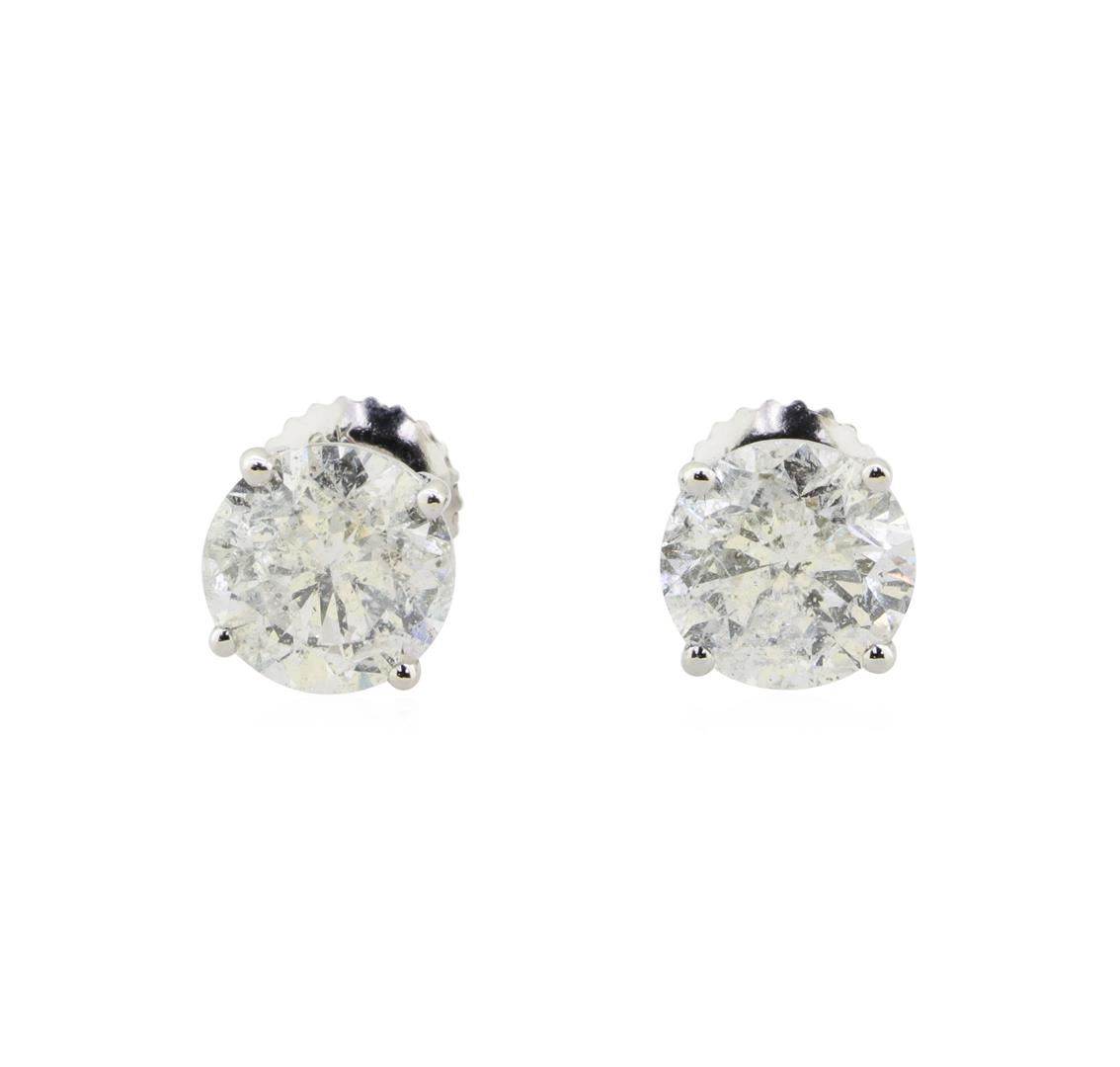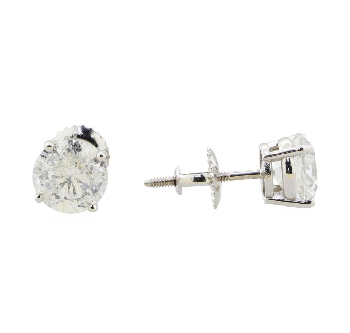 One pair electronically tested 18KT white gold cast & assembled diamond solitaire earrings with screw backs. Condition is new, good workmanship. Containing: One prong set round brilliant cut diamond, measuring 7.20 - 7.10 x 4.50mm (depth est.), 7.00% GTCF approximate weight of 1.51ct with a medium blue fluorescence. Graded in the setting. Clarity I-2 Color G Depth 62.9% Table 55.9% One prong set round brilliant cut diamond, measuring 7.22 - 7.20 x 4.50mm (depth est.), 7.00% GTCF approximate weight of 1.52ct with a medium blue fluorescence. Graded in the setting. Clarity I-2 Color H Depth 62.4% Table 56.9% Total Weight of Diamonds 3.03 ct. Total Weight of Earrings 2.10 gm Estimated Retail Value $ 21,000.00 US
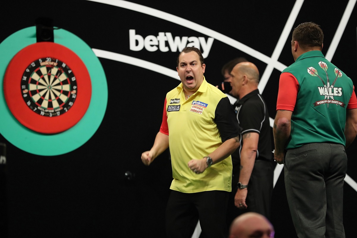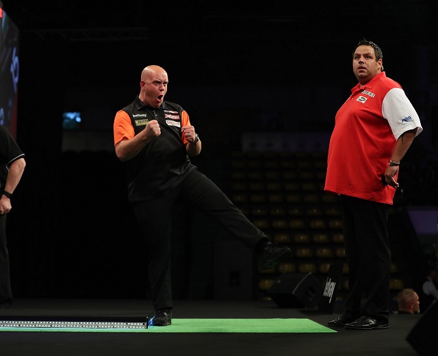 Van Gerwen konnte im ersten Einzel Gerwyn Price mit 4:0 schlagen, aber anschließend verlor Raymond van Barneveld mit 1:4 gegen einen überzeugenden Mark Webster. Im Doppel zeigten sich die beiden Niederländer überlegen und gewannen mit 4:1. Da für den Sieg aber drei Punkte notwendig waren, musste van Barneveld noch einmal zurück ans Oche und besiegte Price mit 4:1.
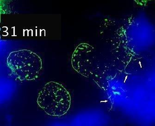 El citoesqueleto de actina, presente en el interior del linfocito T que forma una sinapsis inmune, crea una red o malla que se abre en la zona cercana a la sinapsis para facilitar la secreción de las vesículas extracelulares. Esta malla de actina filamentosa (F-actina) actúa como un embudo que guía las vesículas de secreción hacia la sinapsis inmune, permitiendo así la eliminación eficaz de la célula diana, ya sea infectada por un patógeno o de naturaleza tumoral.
---
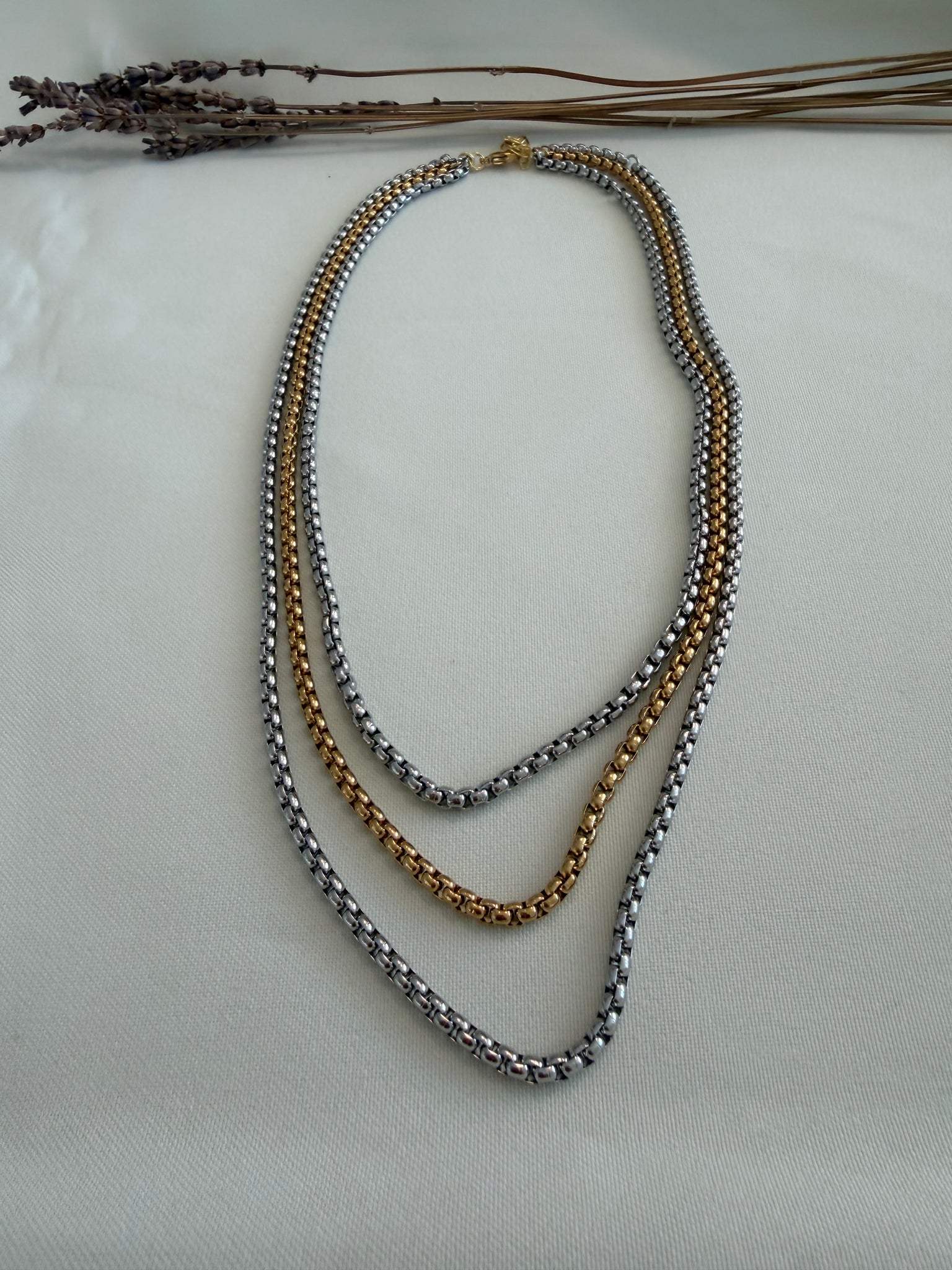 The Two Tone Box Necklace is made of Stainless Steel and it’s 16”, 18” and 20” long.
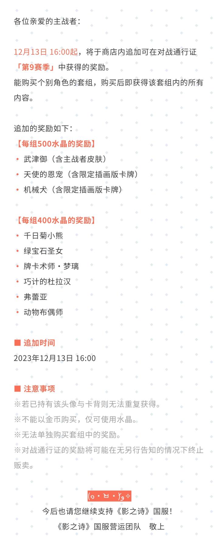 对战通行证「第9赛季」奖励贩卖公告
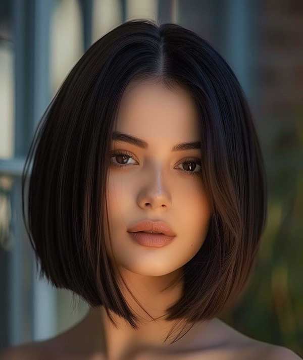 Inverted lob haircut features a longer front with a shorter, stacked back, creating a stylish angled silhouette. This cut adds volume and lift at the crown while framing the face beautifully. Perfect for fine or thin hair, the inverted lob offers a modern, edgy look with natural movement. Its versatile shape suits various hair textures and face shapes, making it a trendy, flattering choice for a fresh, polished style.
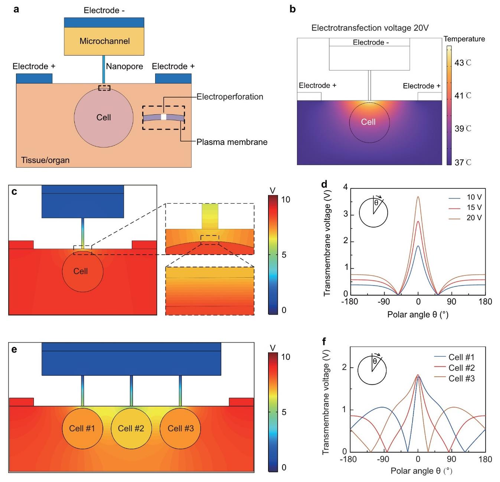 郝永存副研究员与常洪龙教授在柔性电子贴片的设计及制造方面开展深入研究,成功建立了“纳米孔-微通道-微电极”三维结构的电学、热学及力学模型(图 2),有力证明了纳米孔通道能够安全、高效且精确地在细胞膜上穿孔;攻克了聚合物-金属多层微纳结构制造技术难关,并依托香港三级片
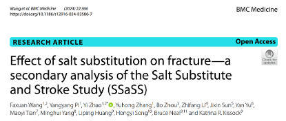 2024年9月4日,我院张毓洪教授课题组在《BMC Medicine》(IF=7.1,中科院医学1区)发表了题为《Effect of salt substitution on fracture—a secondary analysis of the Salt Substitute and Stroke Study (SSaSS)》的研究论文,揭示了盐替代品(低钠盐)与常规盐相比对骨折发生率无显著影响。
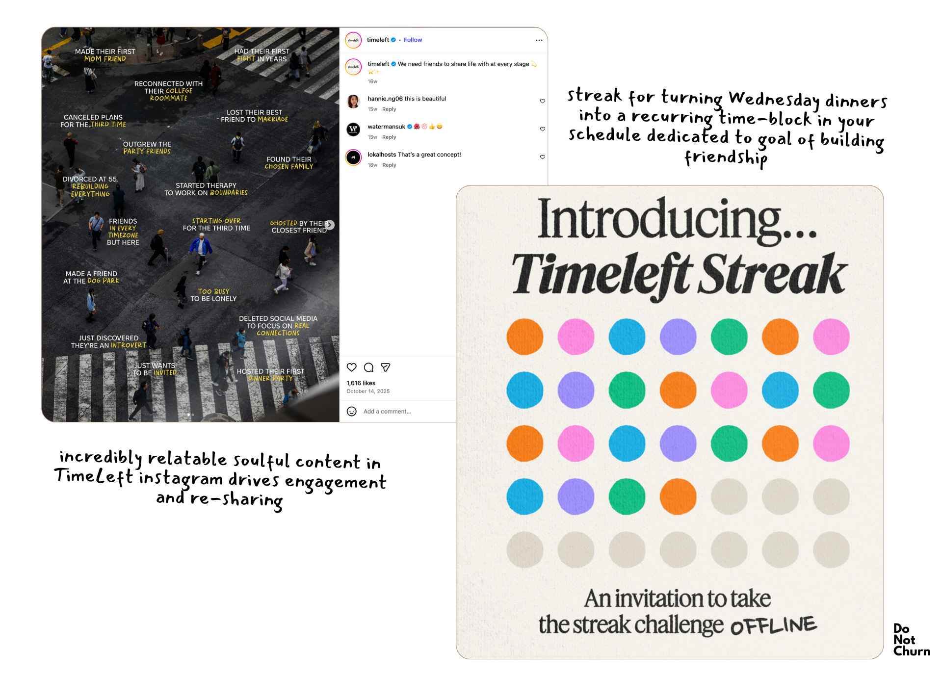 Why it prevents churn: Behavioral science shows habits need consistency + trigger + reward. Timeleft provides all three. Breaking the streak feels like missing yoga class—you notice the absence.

**Work task:** Copy the entries above exactly, but only the stretch from the line containing "Inverted lob haircut" through the line containing "Why it prevents". Keep both end lines; drop the pictures.

**Result of the task:**
 Inverted lob haircut features a longer front with a shorter, stacked back, creating a stylish angled silhouette. This cut adds volume and lift at the crown while framing the face beautifully. Perfect for fine or thin hair, the inverted lob offers a modern, edgy look with natural movement. Its versatile shape suits various hair textures and face shapes, making it a trendy, flattering choice for a fresh, polished style.
 郝永存副研究员与常洪龙教授在柔性电子贴片的设计及制造方面开展深入研究,成功建立了“纳米孔-微通道-微电极”三维结构的电学、热学及力学模型(图 2),有力证明了纳米孔通道能够安全、高效且精确地在细胞膜上穿孔;攻克了聚合物-金属多层微纳结构制造技术难关,并依托香港三级片
 2024年9月4日,我院张毓洪教授课题组在《BMC Medicine》(IF=7.1,中科院医学1区)发表了题为《Effect of salt substitution on fracture—a secondary analysis of the Salt Substitute and Stroke Study (SSaSS)》的研究论文,揭示了盐替代品(低钠盐)与常规盐相比对骨折发生率无显著影响。
 Why it prevents churn: Behavioral science shows habits need consistency + trigger + reward. Timeleft provides all three. Breaking the streak feels like missing yoga class—you notice the absence.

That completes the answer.